Voltou à realidade, sabendo que não podia mais sentí-la, mas que ela ainda estava intacta dentro dele e lá permaneceria por toda a eternidade.

Amantes.

Sua camisola branca e seu corpo agora estavam banhados em grandes respingos de sangue de seu amado, sua mão segurava a arma que havia tirado sua vida, e diante dela, o espelho grande e com moldura de bronze refletia toda a cena do amor, o amor que não podia existir, o amor que toma conta dos amantes.
No momento exato em que havia atirado um filete de sangue escorreu do meio de seu peito em direção à barriga, vários respingos de sangue tomaram conta do quarto, mostrando o momento exato de sua morte. Ele a lançou um olhar de confusão e decepção,
seus olhos ficaram fixos em algo mas ao mesmo tempo pareciam perdidos, e de repente, foi como se o peso do mundo caísse sobre suas pernas e ele não fosse forte o suficiente para suportá-lo. Desabou no chão, em frente ao espelho. O fascinante espelho que escondia em seu passado os segredos, as brigas, as dores, as noites de amor e tudo o que se pode
esperar de duas pessoas loucamente apaixonadas e amedrontadas pela covardia agora refletia um corpo sem alma.
Ela ficou intacta, olhando o corpo nu de seu amado caído sobre o antigo piso de madeira, ensanguentado, manchado, ferido, morto. Ele não queria que ela tivesse tirado a sua vida, mas esse era o único jeito que ela havia encontrado para que os dois pudessem
ficar juntos para sempre. 
Largou a arma em cima da cama, acendeu um cigarro e deitou-se no chão, ao seu lado, em cima da possa de sangue que havia se formado. Apoiou um dos braços em seu peito e o outro no chão, e examinou seus olhos negros pela última vez e soltou a fumaça de cigarro na direção deles. Fechou lentamente o direito e depois o esquerdo com a ponta  dos dedos e ficou a observar seu belo rosto por algum tempo, seus últimos minutos de vida. Chorou pela última vez ao se lembrar da profundidade de seu amor. Era sempre difícil pensar nisso porque ela era tomada de repente pela certeza de que aquilo tudo era meio confuso por se tratar de uma coisa tão grandiosa, intensa mas sem uma explicação racional.

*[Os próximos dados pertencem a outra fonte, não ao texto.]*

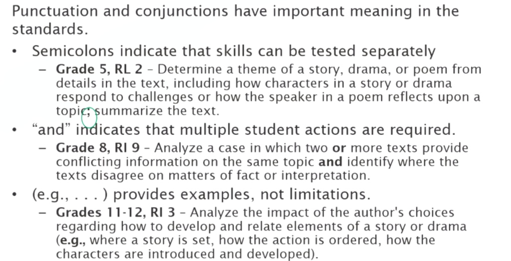Course 1: Appetizers — First, learn how to read the standards. Assessments are based on what type of inference we wish to make about student knowledge. Thus, make sure you are familiar with the following signals within the standards since all assessment questions need to align to the standards.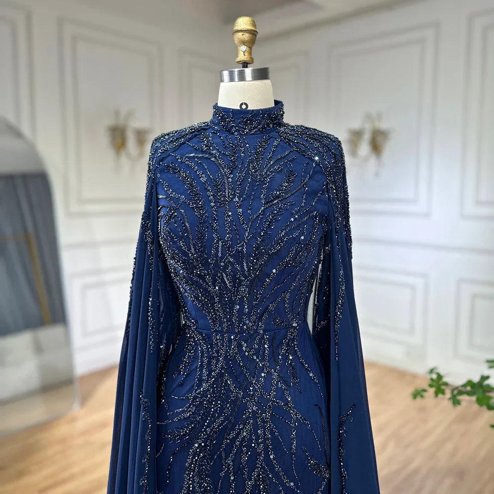 Muslim Sage Green Mermaid Cape Sleeves Beaded Satin Luxury Evening Dresses Gowns for Women Party 2025 LA72413A

Estava decidida a partir junto com ele, em uma viagem eterna para um lugar tranquilo longe de tudo o que pudesse impedir o amor e a felicidade de ambos. Acreditava que deixando essa vida para trás poderiam ter um final longe de tudo que se parece concreto demais, longe do mundo, em um lugar só dos dois, sem nenhuma interrupção.
Passou a ponta dos dedos sobre seus lábios, sobre suas sobrancelhas, sobre seus cabelos, e aproximou o nariz de seu pescoço, para poder sentir o cheiro dele pela última vez. Fechou os olhos cheios de lágrimas enquanto ainda podia sentir seu perfume.

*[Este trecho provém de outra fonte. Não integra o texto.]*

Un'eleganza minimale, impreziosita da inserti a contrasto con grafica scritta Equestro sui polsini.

Beijou delicadamente seus lábios e levantou-se lentamente, andou até a cama e pegou a arma, então deitou-se novamente ao lado de seu amor.
- Essa é a maior prova de amor do mundo. - Ela sussurou, num misto de lágrimas, felicidade e vitória.
Posicionou a arma em seu peito e puxou o gatilho. Só o que se ouviu foi um barulho alto e estonteante, e logo depois, a calmaria.
Tão rápido quanto piscar. Agora a eternidade era deles.